Only the lines from the beginning of the entries through the one with "v záručním listě)." should be written out, please, exactly and without any pictures.

Collection entries:
┌──

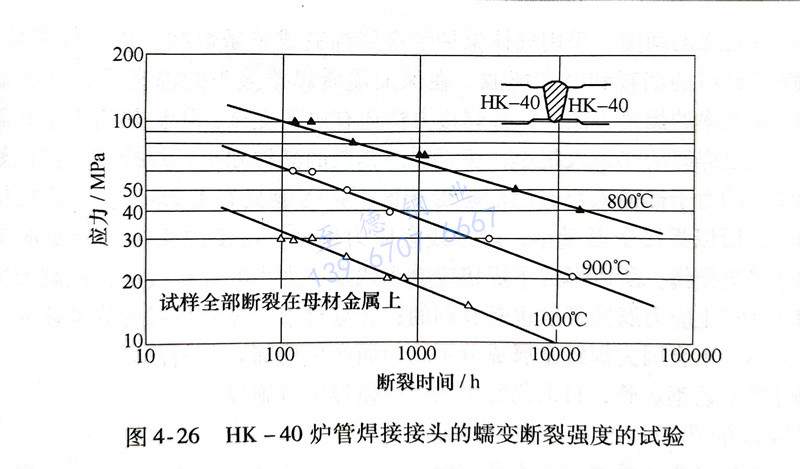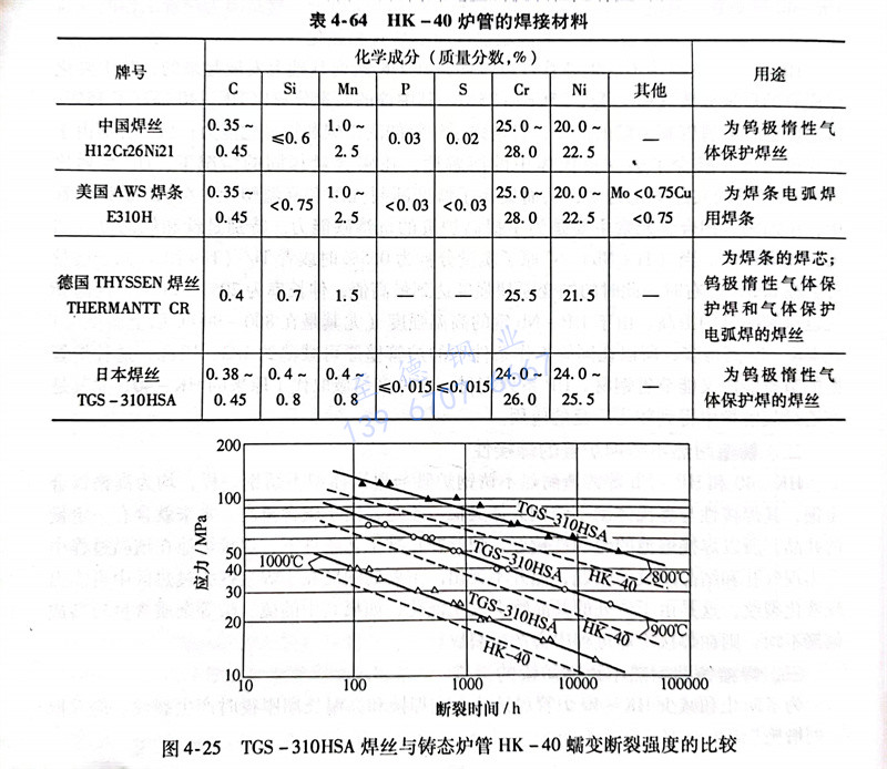 用于HK-40爐管(guan)焊(han)(han)接的(de)(de)焊(han)(han)接材(cai)料見表(biao)4-64。其中(zhong)TGS-310HSA 實芯(xin)焊(han)(han)絲(si)(si)具(ju)有(you)良(liang)好的(de)(de)焊(han)(han)接性,同時也基本(ben)具(ju)備了HK-40爐管(guan)在高(gao)(gao)溫長期服(fu)役過程所需要的(de)(de)蠕(ru)(ru)(ru)變斷(duan)裂(lie)(lie)強度(du)。該焊(han)(han)絲(si)(si)中(zhong)的(de)(de)鎳(nie)含量較高(gao)(gao)[w(Ni)≥24%],所焊(han)(han)成的(de)(de)焊(han)(han)縫(feng)金(jin)(jin)屬(shu)在650~900℃溫度(du)范圍內(nei)長期服(fu)役不(bu)會(hui)有(you)局部σ相析出。該焊(han)(han)絲(si)(si)所得的(de)(de)全(quan)焊(han)(han)縫(feng)金(jin)(jin)屬(shu)(熔敷金(jin)(jin)屬(shu))在高(gao)(gao)溫試(shi)驗(yan)的(de)(de)蠕(ru)(ru)(ru)變斷(duan)裂(lie)(lie)強度(du)與鑄態HK-40爐管(guan)的(de)(de)比較,如圖4-25所示(shi)。從(cong)圖中(zhong)可以看出,當斷(duan)裂(lie)(lie)時間相同時,熔敷金(jin)(jin)屬(shu)的(de)(de)蠕(ru)(ru)(ru)變斷(duan)裂(lie)(lie)強度(du)高(gao)(gao)于爐管(guan)。用這種焊(han)(han)絲(si)(si)焊(han)(han)成的(de)(de)焊(han)(han)接接頭(tou)進行了蠕(ru)(ru)(ru)變斷(duan)裂(lie)(lie)強度(du)試(shi)驗(yan),結果(guo)如圖4-26所示(shi),所有(you)的(de)(de)試(shi)樣均斷(duan)裂(lie)(lie)于基本(ben)金(jin)(jin)屬(shu)上。這類高(gao)(gao)合金(jin)(jin)材(cai)料焊(han)(han)絲(si)(si)的(de)(de)硫和磷(lin)含量很低(di),對(dui)提高(gao)(gao)焊(han)(han)縫(feng)金(jin)(jin)屬(shu)抗裂(lie)(lie)性是有(you)益的(de)(de)。
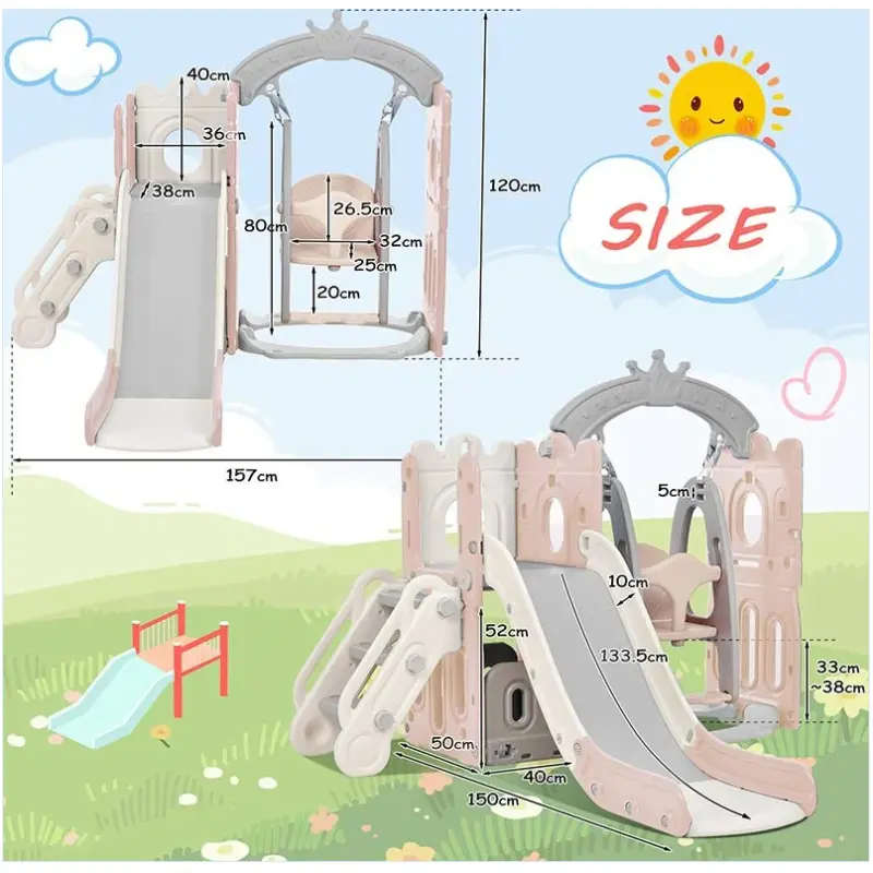 Zamislite kako se ljuljate na prekrasnom ružičasto-sivom toboganu, dok vaša mala princeza s oduševljenjem klizi niz njega. Upustite se u svijet mašte i uživajte u beskrajnoj igri i zabavi koju pruža tobogan s ljuljačkom.
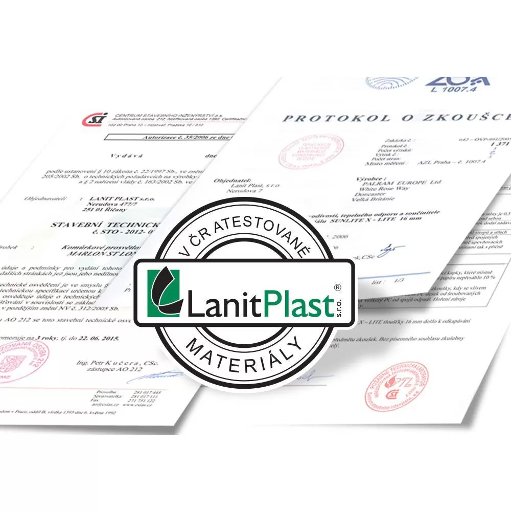• Polykarbonát - velmi kvalitní dvoustěnný polykarbonát se silným UV filtrem (na slunci a mrazu nekřehne, ani nežloutne). Z důvodu zajištění maximální kvality si prosklení sami vyrábíme z kvalitního polykarbonátu MARLON (výrobce Brett Martin Velká Británie). Polykarbonát je v ČR otestován státem akreditovanými zkušebnami jako stavební materiál. Na polykarbonát je poskytována smluvní záruka 10 let na nerozbitnost krupobitím (přesná specifikace záruky je obsažena v záručním listě).
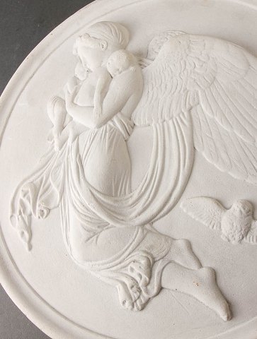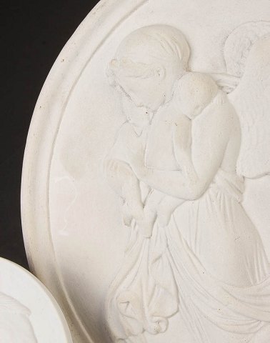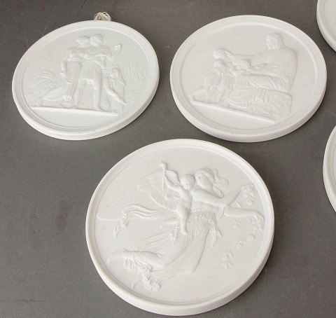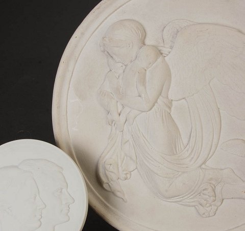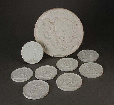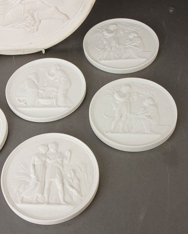 Royal Copenhagen 8 bisquit platter i relief efter Thorvaldsen, Ø ca. 14,5 cm. Platte af gips med relief, Ø 33 cm. Sent 1800-tallet.
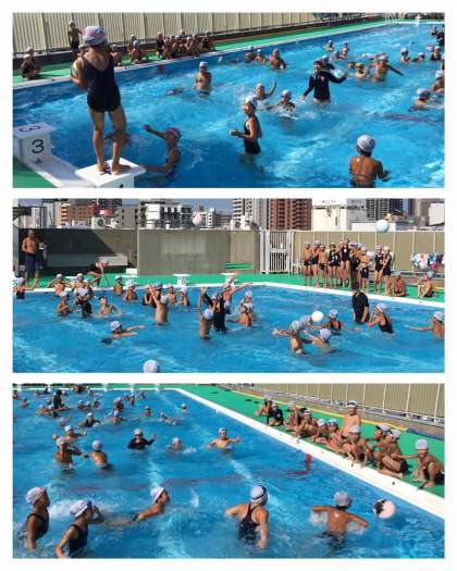 次に、クラス対抗「水中バスケットボール大会」がありました。プールに浮かぶボールをおいかける子どもたち。みんなの真剣な表情がよかったです。

└──

◆ Output of the exercise ◆
 用于HK-40爐管(guan)焊(han)(han)接的(de)(de)焊(han)(han)接材(cai)料見表(biao)4-64。其中(zhong)TGS-310HSA 實芯(xin)焊(han)(han)絲(si)(si)具(ju)有(you)良(liang)好的(de)(de)焊(han)(han)接性,同時也基本(ben)具(ju)備了HK-40爐管(guan)在高(gao)(gao)溫長期服(fu)役過程所需要的(de)(de)蠕(ru)(ru)(ru)變斷(duan)裂(lie)(lie)強度(du)。該焊(han)(han)絲(si)(si)中(zhong)的(de)(de)鎳(nie)含量較高(gao)(gao)[w(Ni)≥24%],所焊(han)(han)成的(de)(de)焊(han)(han)縫(feng)金(jin)(jin)屬(shu)在650~900℃溫度(du)范圍內(nei)長期服(fu)役不(bu)會(hui)有(you)局部σ相析出。該焊(han)(han)絲(si)(si)所得的(de)(de)全(quan)焊(han)(han)縫(feng)金(jin)(jin)屬(shu)(熔敷金(jin)(jin)屬(shu))在高(gao)(gao)溫試(shi)驗(yan)的(de)(de)蠕(ru)(ru)(ru)變斷(duan)裂(lie)(lie)強度(du)與鑄態HK-40爐管(guan)的(de)(de)比較,如圖4-25所示(shi)。從(cong)圖中(zhong)可以看出,當斷(duan)裂(lie)(lie)時間相同時,熔敷金(jin)(jin)屬(shu)的(de)(de)蠕(ru)(ru)(ru)變斷(duan)裂(lie)(lie)強度(du)高(gao)(gao)于爐管(guan)。用這種焊(han)(han)絲(si)(si)焊(han)(han)成的(de)(de)焊(han)(han)接接頭(tou)進行了蠕(ru)(ru)(ru)變斷(duan)裂(lie)(lie)強度(du)試(shi)驗(yan),結果(guo)如圖4-26所示(shi),所有(you)的(de)(de)試(shi)樣均斷(duan)裂(lie)(lie)于基本(ben)金(jin)(jin)屬(shu)上。這類高(gao)(gao)合金(jin)(jin)材(cai)料焊(han)(han)絲(si)(si)的(de)(de)硫和磷(lin)含量很低(di),對(dui)提高(gao)(gao)焊(han)(han)縫(feng)金(jin)(jin)屬(shu)抗裂(lie)(lie)性是有(you)益的(de)(de)。
 Zamislite kako se ljuljate na prekrasnom ružičasto-sivom toboganu, dok vaša mala princeza s oduševljenjem klizi niz njega. Upustite se u svijet mašte i uživajte u beskrajnoj igri i zabavi koju pruža tobogan s ljuljačkom.
• Polykarbonát - velmi kvalitní dvoustěnný polykarbonát se silným UV filtrem (na slunci a mrazu nekřehne, ani nežloutne). Z důvodu zajištění maximální kvality si prosklení sami vyrábíme z kvalitního polykarbonátu MARLON (výrobce Brett Martin Velká Británie). Polykarbonát je v ČR otestován státem akreditovanými zkušebnami jako stavební materiál. Na polykarbonát je poskytována smluvní záruka 10 let na nerozbitnost krupobitím (přesná specifikace záruky je obsažena v záručním listě).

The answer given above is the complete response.